In most cases, yes, but the licence depends on which checkpoint you pick. The Qwen-derived 1.5B/7B/14B/32B inherit Apache 2.0; the Llama 8B and 70B inherit Meta’s Llama 3.1 and 3.3 community licences. Read the specific licence on the model’s Hugging Face page before deploying. Our is DeepSeek open source guide covers the nuance.
How much VRAM do I need to run DeepSeek R1 Distill?
Roughly 1.5 GB at Q4 for the 1.5B, 5 GB for the 7B/8B, 9 GB for the 14B, 20 GB for the 32B and 42 GB for the 70B. A single RTX 4090 comfortably runs everything up to the 32B at Q4. For tighter estimates that account for context length and batch size, use the DeepSeek hardware calculator.
Does DeepSeek R1 Distill support function calling?
The distilled checkpoints were not trained for tool use, so function calling is unreliable compared to the base instruct models or to the V4 API, which supports tool calling natively. If your workflow needs structured tool calls, the managed DeepSeek API function calling surface on V4-Flash or V4-Pro is a better fit than the distilled local models.

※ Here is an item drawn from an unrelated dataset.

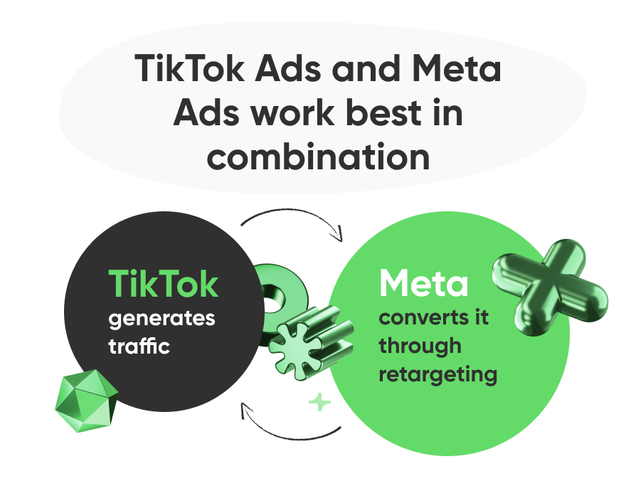 The best results for businesses come from a combination of these two promotion methods. For example, when TikTok Ads generates traffic and Meta then converts it through retargeting.

Why is my R1 Distill model producing repetitive or incoherent output?
This is a known quirk. DeepSeek recommends a temperature of 0.5–0.7 (0.6 is the default), no system prompt — put all instructions in the user message — and an explicit “reason step by step” directive for maths. The model also uses a 32,768-token output ceiling that long traces can hit. Our DeepSeek prompt engineering guide has prompt templates that match these recommendations.